Bahçeli başkanlık için bir güzellik yapar mı?
Siyasetin matematiği her zaman iki kere iki dört eder mantığı içinde çalışmayabiliyor. Öyle ittifaklar, öyle denklemler oluşur ki her ne kadar “Bu işin usulü böyle değildi” deseniz de siyaset hükmünü icra eder.
Türkiye’nin darbe anayasasından kurtularak yeni ve sivil bir anayasa yapmaya ihtiyacı olduğu muhakkak. Malum parlamentoda oluşturulan uzlaşma komisyonu uzlaşamadı ve dağıldı. Anayasa özünde bir toplum sözleşmesi olduğuna göre, esas olan bütün partilerin uzlaşarak yeni bir anayasa metni ortaya çıkarmalarıdır.
Ancak ortaya çıkan fotoğrafa bakarak söylemek gerekirse, bu parlamentodan yeni bir anayasanın çıkması pek mümkün gözükmüyor. Özellikle de CHP daha işin başında oyunu kurallarına göre oynamak istemediği için denklem dışı kalmıştır. Pek tabiidir ki CHP’nin içinde olmadığı bir anayasa çalışması siyaseten eksik bir görüntü ortaya çıkaracaktır.
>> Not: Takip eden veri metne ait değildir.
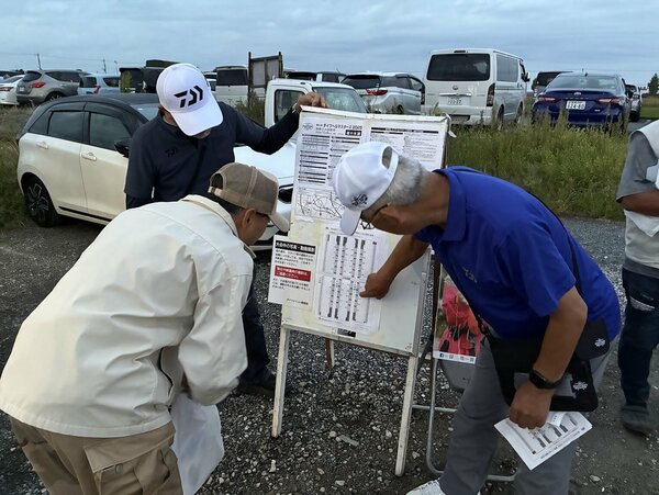 ブロック大会出場者決定戦の釣り座抽選を行っています。「ブロック大会には参加可能ですか?」確認も行われています。
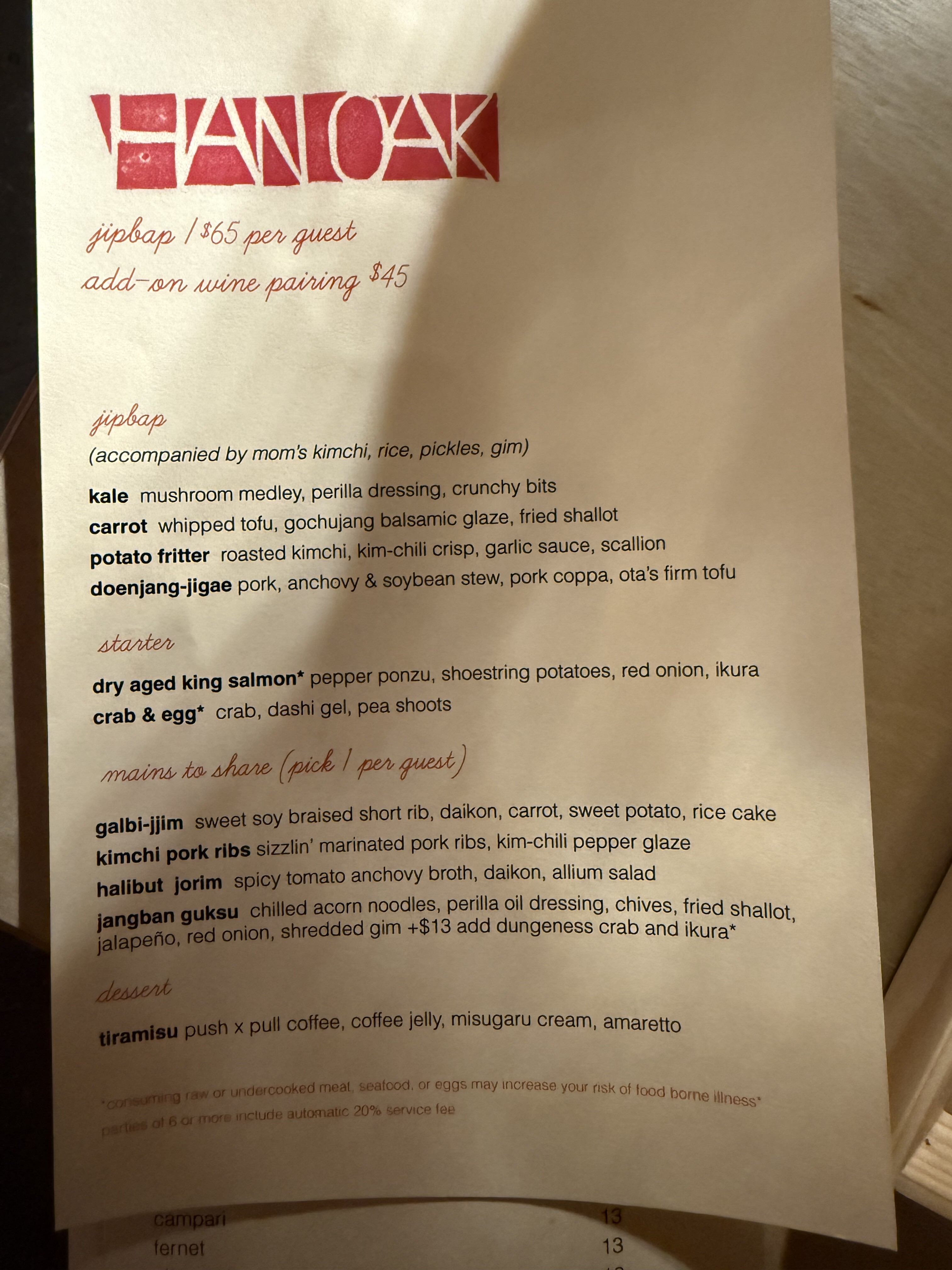 After further delay we eventually made it up to Portland and thankfully Han Oak was able to push our reservation and seat us a few hours later than intended. I’ve been wanting to eat there for years and damn did it deliver. Every single savory dish that hit the table was somewhere between great and excellent. The only subpar dish was the tiramisu dessert, but we were stuffed by then so it was fine. We opted for the galbi jjim and acorn noodles (because I loved Yangbans version) as our mains. I’d eat at this place all the time if it were in LA. Go here if you are in Portland.
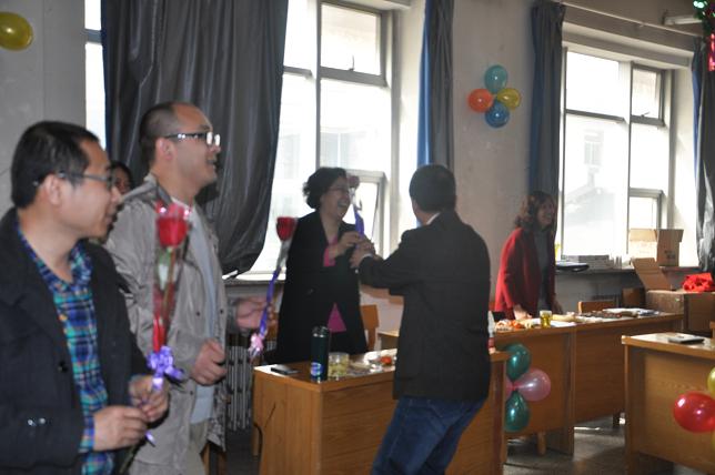 接下来,本次联谊联欢会的第一个亮点出现了:送人玫瑰手有余香。男教工纷纷起立,每人手捧一只鲜花站立成一圈,在延保全经理的带领下,集体为女教工献上了怒放的玫瑰花,令在座的女教工一个个笑靥如花。这个精心设计的别开生面的小环节,体现了yl7703永利集团官网尊重和关爱妇女的良好风尚,一下子就把将联欢会推向了高潮,手捧玫瑰花的女老师们全将舒心与开怀写在了脸上。
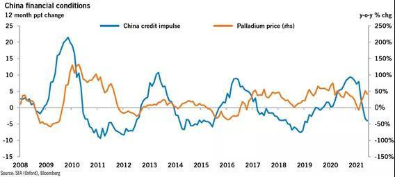中国经济放缓正在拖累钯金价格。投资、工业活动和国内消费的月度指标显示,7月份的增长回落速度快于预期。作为衡量消费支出的指标,零售额增长从6月份的12.1%放缓至8.5%,远低于预期(来源:中国国家统计局)。中国的信贷冲量也有所减弱,这表明基础设施和设备投资放缓,通常标志着经济活动的转折点。从历史上看,中国信贷需求下滑之后,钯金价格就会比去年同期下降。

HDP ise kendi iradesiyle siyaseti değil, Kandil’i tercih ettiğine göre gönüllü olarak kendisini denklemin dışında bırakmıştır.
***
Bu durumda, yeni anayasa konusunda kararlı olan AK Parti sondan bir önceki çare olarak MHP ile bir anayasa yapma seçeneğini deneyebilir. Doğrusu ‘toplum sözleşmesi’ olarak tanımlanan bir anayasanın sadece bir parti ile yapılacak olması çok da tercih edilecek bir yol olmamakla birlikte durum biraz oraya doğru gidiyor gibi gözüküyor.
Nitekim Cumhurbaşkanı Tayyip Erdoğan geçtiğimiz günlerde yaptığı açıklamada, “MHP ile pekala bir anayasa çalışması yapılabilir” diyerek bu konudaki iradesini ortaya koymuştur.
***
Ancak bütün bunların dışında AK Parti, içinde başkanlık modelinin de bulunduğu kendi anayasa çalışmasını başlatmış bulunuyor. Başbakan Ahmet Davutoğlu Cumartesi günü Türk Girişimciler Kurultayı’nda yaptığı konuşmada, “AK Parti bünyesinde bir anayasa komisyonu kurarak çalışmalarımızı somutlaştırdık. Önümüzdeki haftadan itibaren yazım heyetimiz çalışmalara başlayacak. İnşallah önümüzdeki 1 ay içinde bütün bu yazım çalışmalarını tamamlamayı planlıyoruz. Başkanlık sistemini benimseyen bir anaysa için her türlü adımı atacağız” diyerek partisinin yol haritasını ortaya koymuş oldu. Artık belli oldu ki CHP ve HDP yeni anayasa sürecinde hiçbir şekilde yer almayacak. MHP’nin tavrı ise hala belirsizliğini koruyor. Şimdi soru şu: Acaba MHP, AK Parti’nin yeni anayasa çalışmasına katkı verir mi, daha doğrusu başkanlık sistemi konusunda AK Parti’ye bir güzellik yapar mı?
***
Çünkü mevcut parlamento aritmetiğinde AK Parti’nin sayısal çoğunluğu, hazırlanacak bir anayasa çalışmasını referanduma götürmeye yetmiyor. Yani AK Parti’nin 330 milletvekili yok. Referandum rakamının sağlanabilmesi için kesinlikle başka partilere mensup milletvekillerinin desteğine ihtiyaç var. CHP ve HDP’den hiçbir şekilde böyle bir desteğin gelmeyeceği kesin olduğuna göre, geriye sadece MHP kalıyor. Her ne kadar doğruluğunu test etme gibi bir imkanımız yoksa da, MHP lideri Devlet Bahçeli’nin partideki geleceğini garantiye almak için AK Parti’nin başkanlık modeline destek verebileceği yönünde yaygın bir siyasi söylenti dolaşıma sokulmuş durumda.
***
Açık söylemek gerekirse, ben MHP’nin asla böyle bir pazarlık içine gireceği kanaatinde değilim.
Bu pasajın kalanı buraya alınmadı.